< fanquake>
101 was then re-opened, because it needed further fixing.
< fanquake>
I fetched upstream, merged it into my bitcoin fork, then pushed that back to GitHub (fanquake/bitcoin).
< fanquake>
Github then re-closed 101...
< fanquake>
I don't think I've ever seen that happen before?
< fanquake>
Does this happen when anyone (with merge permissions, or maybe not even that?) just does the same?
< fanquake>
Seems like something we should have definitely noticed in the past if so
< sipa>
i also think we don't have much experience with such "fixes: <issue on other repo>" tags
< fanquake>
It seems quite annoying if GitHub will close issues in the bitcoin-core/gui repo, when I, or potentially anyone else, push to their own repos (fanquake/bitcoin)
< sipa>
you should try to see if it works for a repo you don't have write access to ;)
< fanquake>
I will save debugging GitHub for this afternoon
< bitcoin-git>
bitcoin/master a6739cc Wladimir J. van der Laan: rpc: Add specific error code for "wallet already loaded"
< bitcoin-git>
bitcoin/master 15a9df0 Wladimir J. van der Laan: Merge #20964: rpc: Add specific error code for "wallet already loaded"
< bitcoin-git>
[bitcoin] laanwj merged pull request #20964: rpc: Add specific error code for "wallet already loaded" (master...2021-01-wallet-already-loaded-rpc) https://github.com/bitcoin/bitcoin/pull/20964
< bitcoin-git>
[bitcoin] laanwj closed pull request #20957: doc: Update tor.md for notes on how to preserve v2 urls (with a not recommended note) (master...tor-controlport-docs) https://github.com/bitcoin/bitcoin/pull/20957
< semtexzv>
Hello there, I'm reading through the eltoo paper + BIT 118, and had an idea.
< semtexzv>
the SIGHASH_NOINPUT exposes an address to weird replay attacks. However, it's not needed for the eltoo. Eltoo channels know previous states, from which they could want to spend.
< semtexzv>
So, how about encoding a SET of possible inputs to a transaction by encoding it as a merkle tree, with the usage of signature revealing a path within the merkle tree ?
< semtexzv>
Basically, a new sighash type, encoded as <sig> SIGHASH_SELECT <merkle_root> <merkle_path> , with the merkle root part included in the signature input.
< semtexzv>
That would basically allow to use constrained set of UTXOs, at the cost of signature effectiveness ( log(n) cost ), which is only used in the resolution branch, not the normal settlement.
< shesek>
it would be useful if listtransactions/listsinceblock reported which of the conflicted mempool wallet transactions is considered to be the 'active' one and which are considered to be double-spent
< sipa>
if it's in the mempool, it's considered active ;)
< shesek>
currently, when I see a wallet transactions with confirmations == 0 and a non-empty walletconflicts, I have to issue an additional `getmempoolentry` rpc call to determine whether the transaction is 'active' or not
< shesek>
right ^^
< shesek>
but it would be nicer if this was more readily available in listtransactions
< sipa>
ah
< shesek>
and more efficient, less rpc calls
< shesek>
btw, is there a more common term to describe mempool transactions that are 'active' from the PoV of your node?
< luke-jr>
"in mempool"?
< luke-jr>
shesek: why do you think this distinction matters? <.<
< shesek>
hmm, yeah, I guess so
< luke-jr>
ie, what is the use case?
< shesek>
what do you mean why it matters? the 'active' transaction should be shown to the user in the wallet history and can be eligible for coin selection, the others should not
< luke-jr>
why not?
< luke-jr>
unconfirmed is unconfirmed
< gwillen>
would we ever do coin selection from a zero-conf transaction we know is conflicted? (I'm curious what it even means for one to be active.
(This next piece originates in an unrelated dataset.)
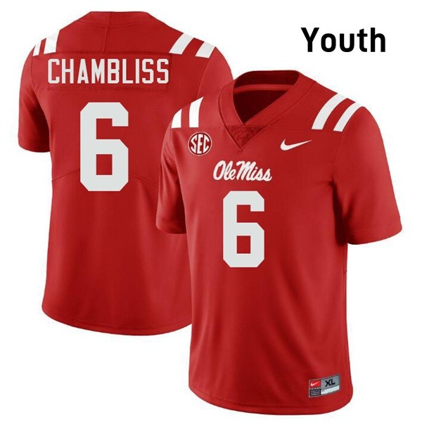 Youth Trinidad Chambliss Red Ole Miss #6 Replica Jerseys 131875-774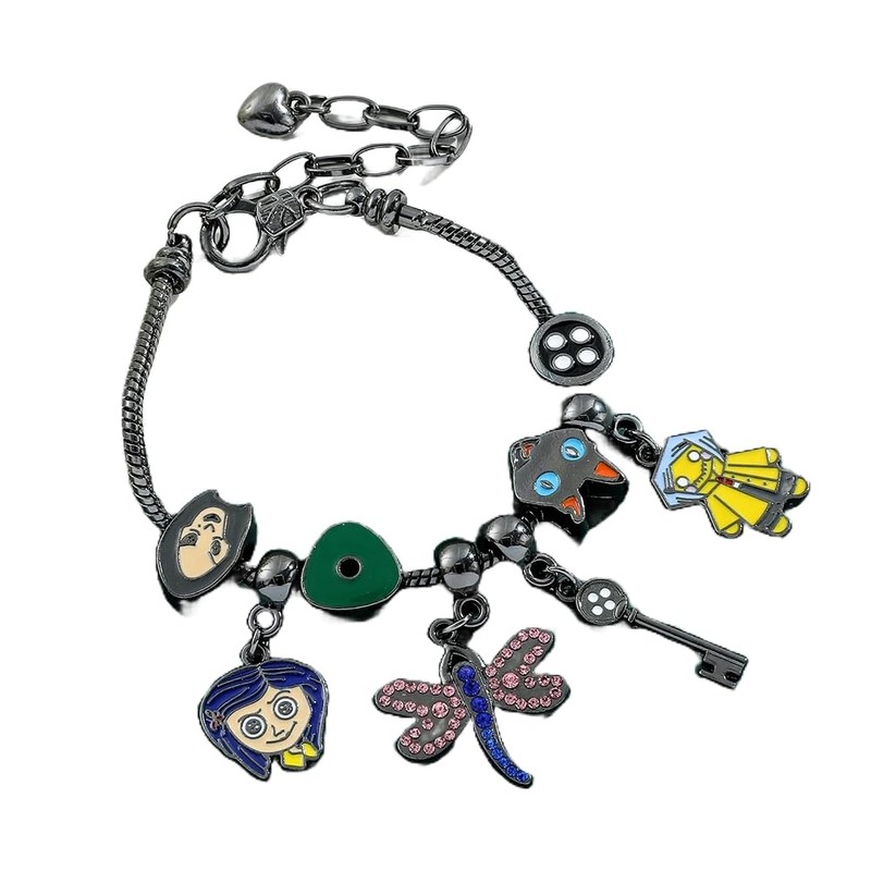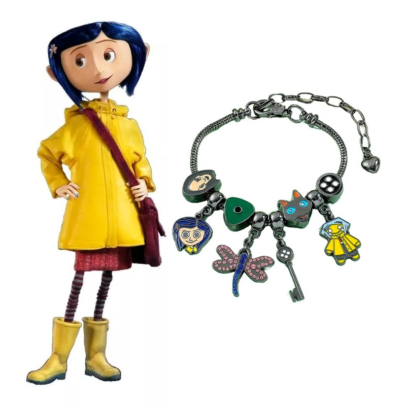 - Pulsera Negra Muñeca Coraline Libelula Gato Llave Boton

Would this be for RBF, where one is expected to confirm much more surely than the other?)
< shesek>
gwillen, I'm running into this in the context of rbf, yes. for example, following a fee bump, the wallet could choose to spend the higher-fee change output, but not the lower-fee one
< shesek>
it also shouldn't show the lower fee one in the wallet history, or show it with some different graphic, or behind an 'advanced' screen
< luke-jr>
you have higher- and lower- backward there I think?
< gwillen>
*nod*, makes sense. Given that we already allow coin selection from 0-conf, it seems like you'd want this.
< luke-jr>
gwillen: I would think you want to spend any conflicting change from all possible inputs concurrently, if at all
< shesek>
luke-jr, hmm, I think I got it right? I was referring to higher/lower fee, not the value of the change output (which would be backwards)
< luke-jr>
shesek: but you're more likely to use change if it's higher (therefore lower fee)
< gwillen>
I'm curious what the current wallet behavior is here.
< luke-jr>
gwillen: I'd guess a mess :P
< luke-jr>
one of those reasons we should remain 0.x ;)
< shesek>
I noticed that when calling `gettransaction` on the 'non active' mempool tx, the `details` object is empty. which suggests to me that bitcoind is probably ignoring these somehow
< shesek>
this seems somewhat inconsistent, listtransactions/listsinceblock are basically a flattened concatenated list with the `details` from all the wallet transactions, I would expect transactions that report an empty `details` object in `gettransaction` not to show up on `listtransactions` at all
< shesek>
in other words, wallet transactions with N entries in `details` show up N times in `listtransactions`, except for N==0
< shesek>
for my use case, I would prefer they do show up in both gettransaction's `details` field and in listtransactions/listsinceblock, but with a flag that indicates their status. similarly to when its conflicted with a confirmed transactions
< sipa>
i think at some point confirmations=-1 meant that a transaction wasn't in the mempool
< shesek>
this makes it easier to sync the wallet state using listsinceblock/listtransactions
< sipa>
but later (still many years ago) that was changed so that -N confirmations means "a conflict to this tx has N confirmations"
< shesek>
sipa, hmm, I see. this wouldn't be compatible with the current definition of negative confirmations
< achow101>
S3RK: the idea is that all tests do the necessary things when ran without command line arguments. so tests that do both legacy and descriptor wallets, not specifying the argument runs both sets of tests. and for tests for a specific wallet type, running without arguments just does the one wallet type it is supposed to test
< achow101>
then if you specify a specific type and the test doesn't support that wallet type, it skips
< achow101>
#20892 is the relevant pr for that
< gribble>
https://github.com/bitcoin/bitcoin/issues/20892 | tests: Run both descriptor and legacy tests within a single test invocation by achow101 · Pull Request #20892 · bitcoin/bitcoin · GitHub
< S3RK>
interresting, i'll check out this PR
< S3RK>
achow101 wiling to reACK if I apply fixes suggested by jonatack?